There are different strategies here. You can assign the returning values to different columns. Or you can assign the returning values to a single column of type List<Float64>. I will show them both.

Different columns

Assigning them to different columns does not really fit the lazy API well, so we do that in eager.

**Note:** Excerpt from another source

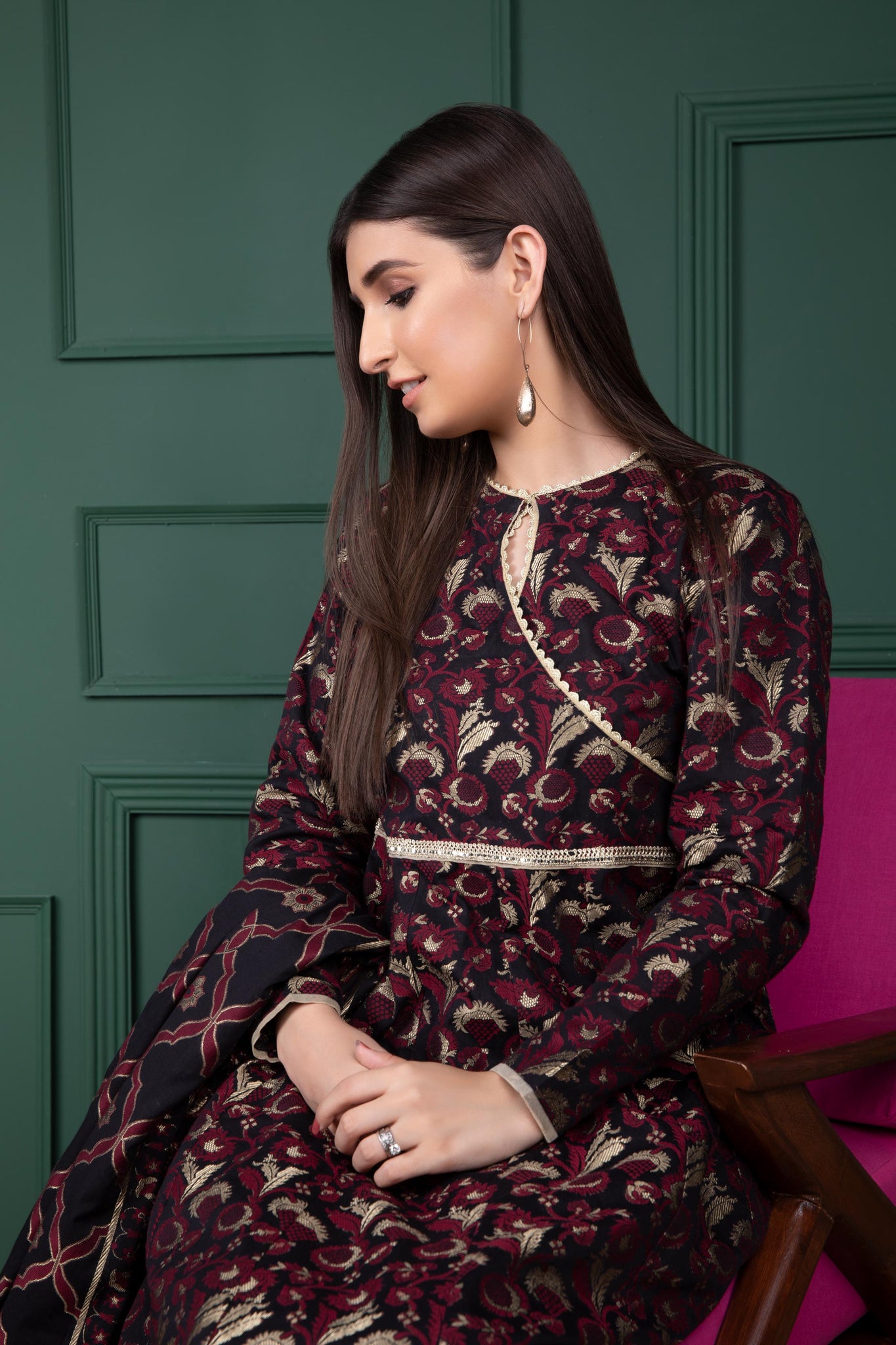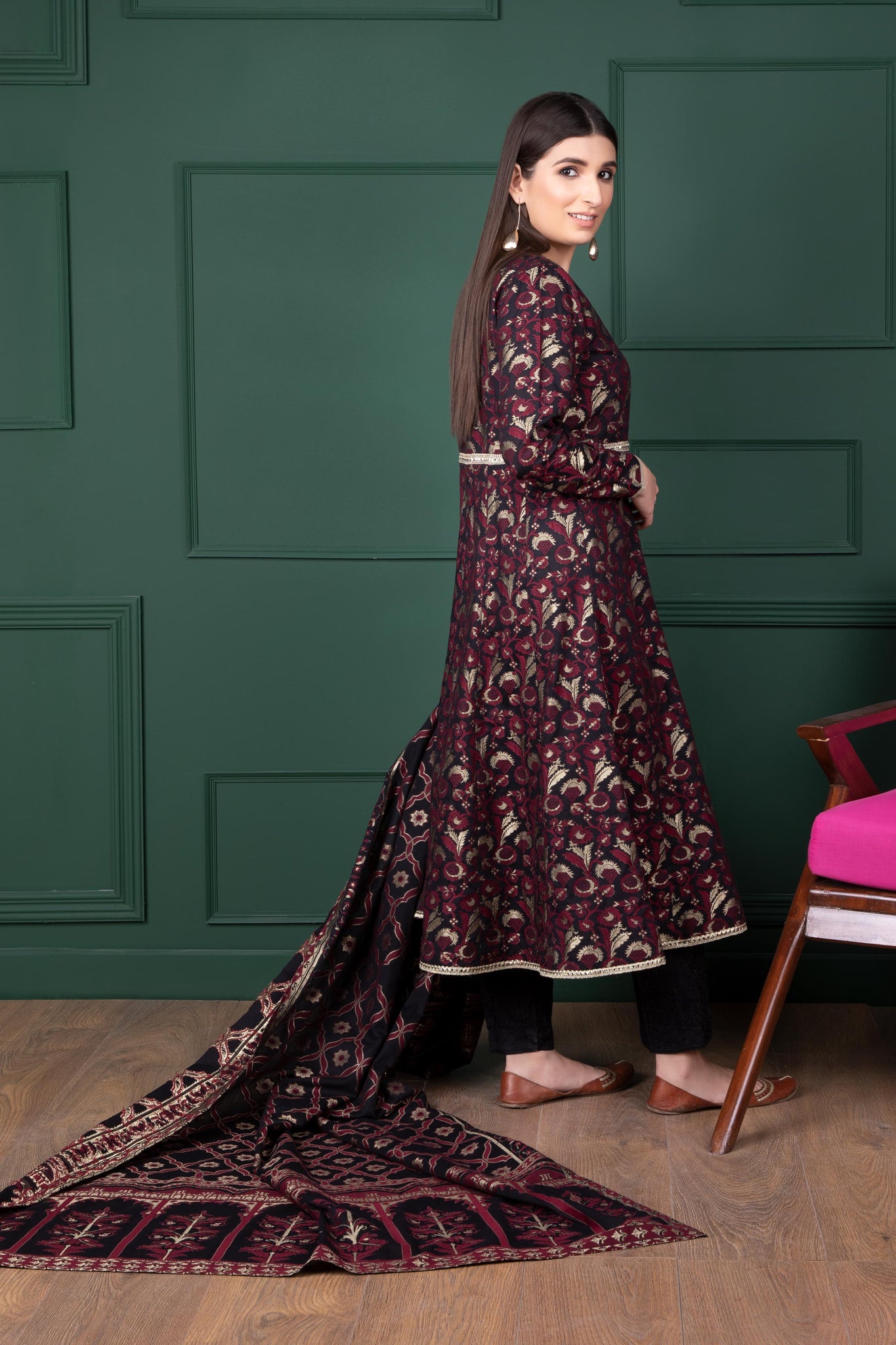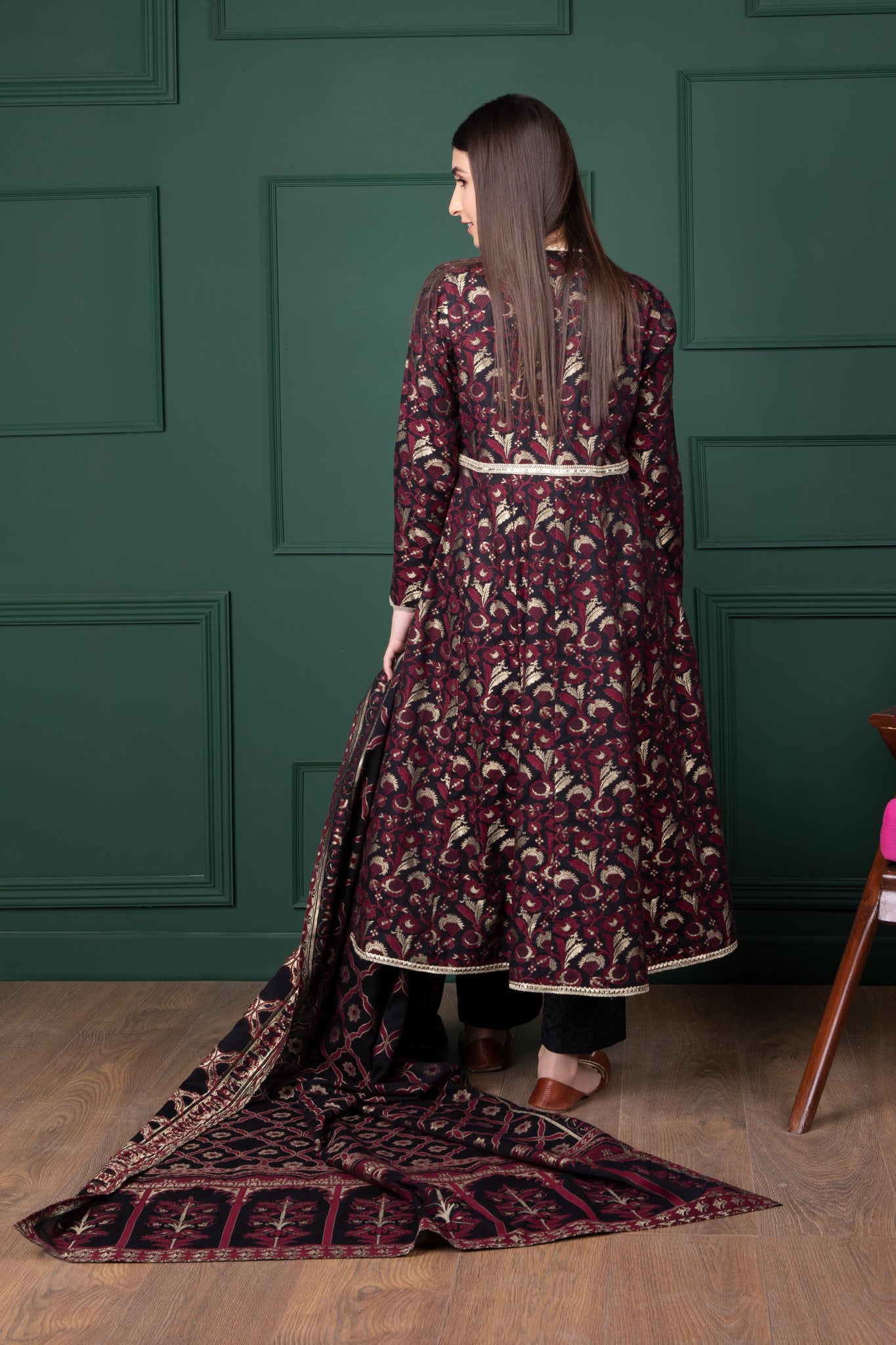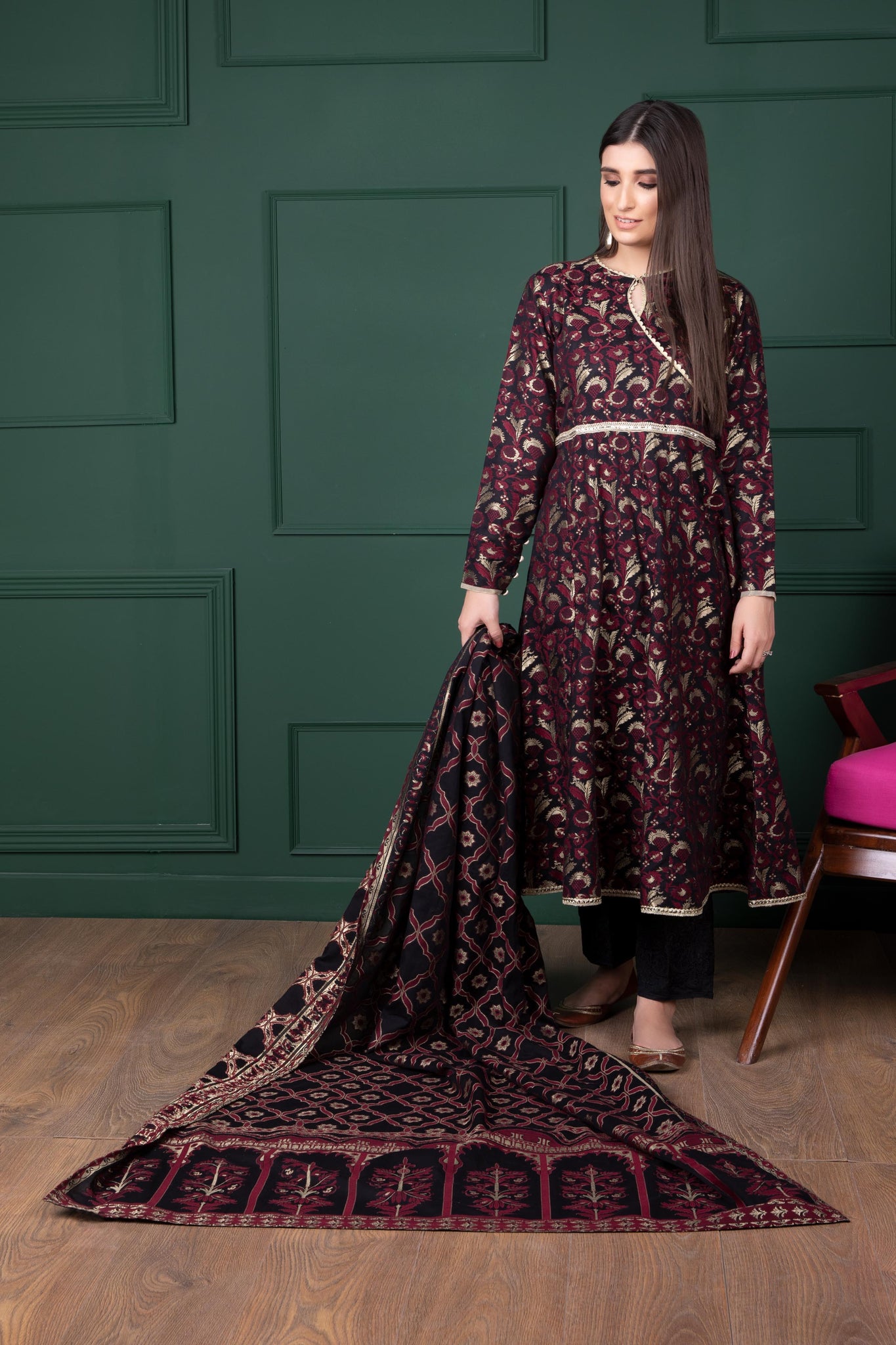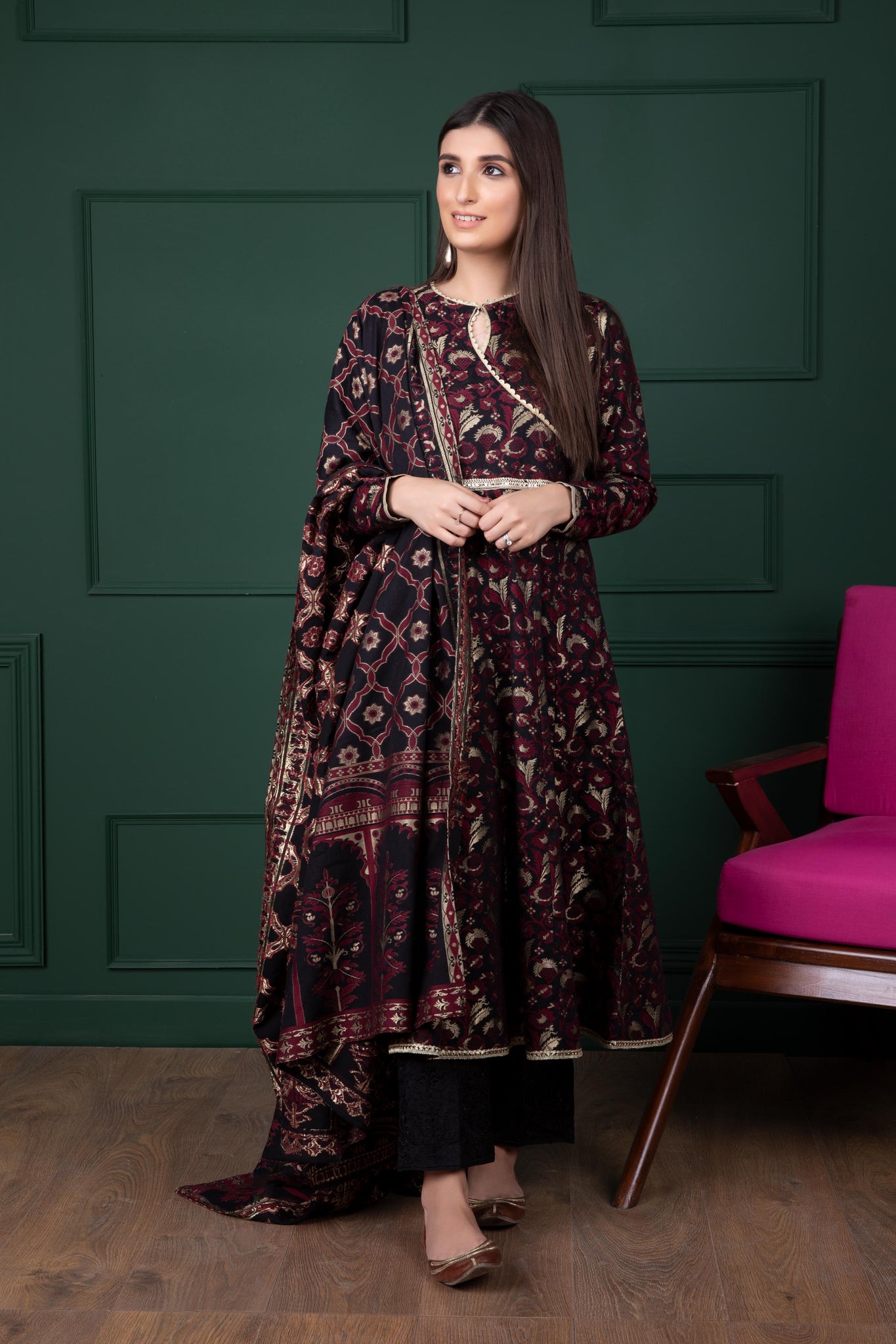 This stitched two-piece printed apparel is crafted in lustrous jacquard fabric making it perfect to wear at all your fancy gatherings.

/// Your function that takes 2 argument and returns 3
fn black_box(_a: f64, _b: f64) -> (f64, f64, f64) {
    (1.0, 2.0, 3.0)
}

fn to_different_columns() -> Result<()> {
    let df = df![
        "a" => [1.0, 2.0, 3.0],
        "b" => [1.0, 2.0, 3.0]
    ]?;

    let mut out_1 = vec![];
    let mut out_2 = vec![];
    let mut out_3 = vec![];

    df.column("a")?
        .f64()?
        .into_no_null_iter()
        .zip(df.column("b")?.f64()?.into_no_null_iter())
        .for_each(|(a, b)| {
            let (out_val1, out_val2, out_val3) = black_box(a, b);
            out_1.push(out_val1);
            out_2.push(out_val2);
            out_3.push(out_val3);
        });

    let out1 = Series::from_vec("out1", out_1);
    let out2 = Series::from_vec("out2", out_2);
    let out3 = Series::from_vec("out3", out_3);
    let df = DataFrame::new(vec![out1, out2, out3]);

    Ok(())
}

List column

If we decide to return a single Series we best can use polars lazy


fn to_list() -> Result<()> {
    let df = df![
        "a" => [1.0, 2.0, 3.0],
        "b" => [1.0, 2.0, 3.0]
    ]?;

    let df = df
        .lazy()
        .select([map_multiple(
            |columns| {
                Ok(columns[0]
                    .f64()?
                    .into_no_null_iter()
                    .zip(columns[1].f64()?.into_no_null_iter())
                    .map(|(a, b)| {
                        let out = black_box(a, b);
                        Series::new("", [out.0, out.1, out.2])
                    })
                    .collect::<ListChunked>()
                    .into_series())
            },
            [col("a"), col("b")],
            GetOutput::from_type(DataType::List(Box::new(DataType::Float64))),
        )])
        .collect()?;

    dbg!(df);

    Ok(())
}
ritchie46
  • 10,405
  • 1
  • 24
  • 43
0

List column (using ChunkedArray):

fn to_list() -> Result<(), Box<dyn Error>> {
    let df = df![
        "a" => [1.0, 2.0, 3.0],
        "b" => [1.0, 2.0, 3.0]
    ]?;

    let df = df
        .lazy()
        .select([map_multiple(
            |columns| {
                Ok(Some(
                         columns[0].f64()?.into_no_null_iter()
                    .zip(columns[1].f64()?.into_no_null_iter())
                    .map(|(a, b)| {
                        let out = black_box(a, b);
                        Series::new("", [out.0, out.1, out.2])
                    })
                    .collect::<ChunkedArray<ListType>>()
                    .into_series()))
            },
            [col("a"), col("b")],
            GetOutput::from_type(DataType::Float64),
        ).alias("new column")
        ])
        .collect()?;

    dbg!(df);

    Ok(())
}

/// Your function that takes 2 argument and returns 3
fn black_box(a: f64, b: f64) -> (f64, f64, f64) {
    (a+b, 5.4 * a - 2.1 * b, a*b)
}

to_list()?;

The output:

df = shape: (3, 1)
┌─────────────────┐
│ new column      │
│ ---             │
│ list[f64]       │
╞═════════════════╡
│ [2.0, 3.3, 1.0] │
│ [4.0, 6.6, 4.0] │
│ [6.0, 9.9, 9.0] │
└─────────────────┘
Claudio Fsr
  • 106
  • 6